The TAHMO stations have a 5 minute measurement interval after which they'll write the observation value into their internal memory. The dataloggers are configured to send their once per hour under normal circumstances. We lower the upload frequency for stations with low battery levels which can occur when there's a poor cellular signal at the station location.


Depending on which country the station is installed in, the data might first be sent to a server which is managed by the national meteorological agency. At this stage the datalogger is sending small UDP packages which have a custom compression which is developed by the datalogger manufacturer (Meter Group). If the dataloggers do not initially report to a local server, they will directly send their data towards the server of Meter Group.

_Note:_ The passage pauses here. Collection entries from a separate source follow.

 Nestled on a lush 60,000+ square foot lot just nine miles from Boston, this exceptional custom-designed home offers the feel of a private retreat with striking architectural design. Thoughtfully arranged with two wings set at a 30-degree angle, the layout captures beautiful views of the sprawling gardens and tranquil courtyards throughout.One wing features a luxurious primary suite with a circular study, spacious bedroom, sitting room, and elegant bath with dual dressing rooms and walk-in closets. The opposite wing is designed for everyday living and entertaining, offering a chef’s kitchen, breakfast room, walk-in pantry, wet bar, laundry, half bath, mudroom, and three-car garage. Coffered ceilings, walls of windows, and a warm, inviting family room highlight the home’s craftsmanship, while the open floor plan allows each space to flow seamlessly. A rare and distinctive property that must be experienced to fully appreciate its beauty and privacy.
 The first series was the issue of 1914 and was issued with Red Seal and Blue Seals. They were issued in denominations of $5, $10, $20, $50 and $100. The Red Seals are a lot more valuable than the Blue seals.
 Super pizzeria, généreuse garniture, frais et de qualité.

The TAHMO infrastructure will retrieve the data from the server of Meter Group by API's which are different for EM50 and EM60 dataloggers. For EM50 dataloggers we get raw 32 bit port values for each port of the datalogger while for the EM60 dataloggers (3rd generation stations) we receive the observation values itself. The observation values retrieved at this stage are marked as "raw measurements" and are stored in our database under this name. As soon as this data is available within our system, we will run classical quality control on it consisting of sensor range, climate range, temporal step, temporal delta and temporal sigma tests. This data is available through our API for our data consumers and hourly aggregated data is also available through the datahmo data platform.

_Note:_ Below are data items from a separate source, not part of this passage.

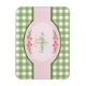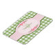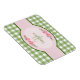 A cute country style green gingham monogram flexible magnet with a pink gingham label and a girly filigree pink ribbon. Personalise by adding your name and initials. Will appeal to the stylish and feminine girl.
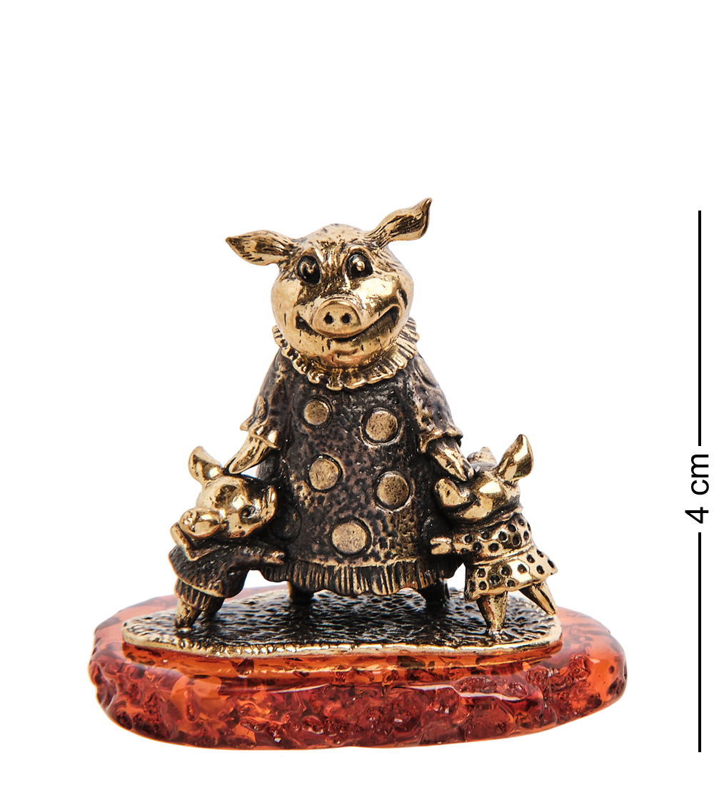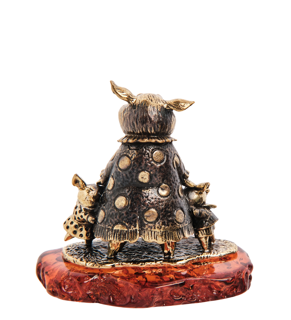 Am-2965 фигурка «поросячья счастливая семья» (латунь, янтарь)
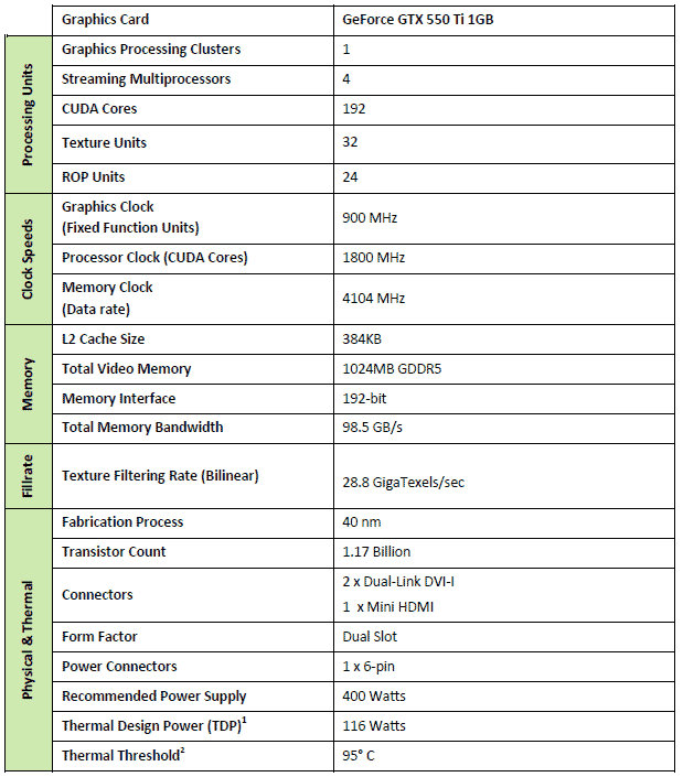 Если кто-то из Вас, уважаемые читатели, не знаком со спецификациями референсной GTX 550 Ti, то поглядите в табличку, расположенную ниже.
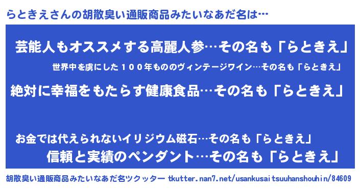| 意味不明あだ名 | 『永久保存らときえ』『自称らときえ』 |
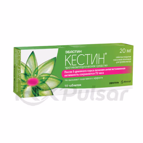 Kestin is an antihistamine medication used to treat the symptoms of allergic conditions. Its active ingredient, ebastine, effectively blocks histamine receptors, reducing allergic responses.
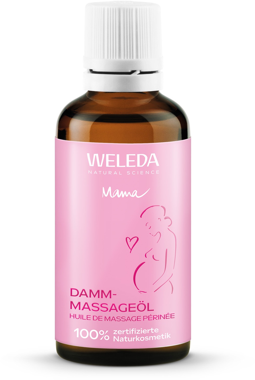 Masážny olej – aktívne látky mandľový olej, prírodné oleje a vitamín E Čisto prírodný olej vyvinutý WELEDA špeciálne na masáž citlivej oblasti hrádze v období pred pôrodom. Jemná kompozícia mandľového oleja, oleja z pšeničných klíčkov a ďalších ošetrujúcic
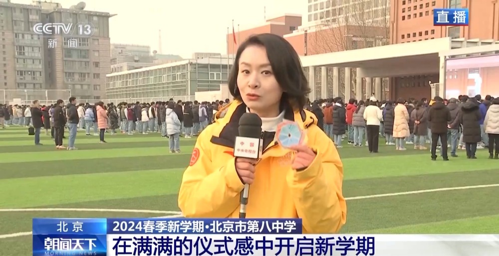 總臺央視記者 李晶晶:北京市第八中學(xué)高中部,近2300名高中生齊聚國旗下,舉行新學(xué)期的第一次升旗儀式,在滿滿的儀式感中開啟新的學(xué)習(xí)生活。今年是龍年,有句祝福語叫“龍行龘龘,前程朤朤”,現(xiàn)在正在進(jìn)行的國旗下的演講,題目就是《龘龘朤朤間是向上的力量》,老師祝福學(xué)生們像龍一樣騰飛而上,同時也是鼓勵他們要有夢想,為實(shí)現(xiàn)夢想不斷努力向上。

The classical quality control lacks the ability to properly control the precipiation observations in the TAHMO dataset. The SensorDX which is lead by prof. Tom Dietterich is actively working on methods to improve this specific aspect for the quality control. They're now working on incorporating spatial quality control for neighbouring stations within their SensorDX system. This system will however not be able to be implemented for regions where there's a very low density of TAHMO stations (Congo, Madagascar, Mozambique, Zimbabwe) etc. Also during the first years of the TAHMO initiative there weren't a lot of stations thus alternative methods need te be developed to provide adequate quality control for this part of the dataset. We are therefore also looking at using various other data sources to quality control the precipitation dataset to at least remove periods in time where rain gauges could have been clogged or have structurally malfunctioning sensors.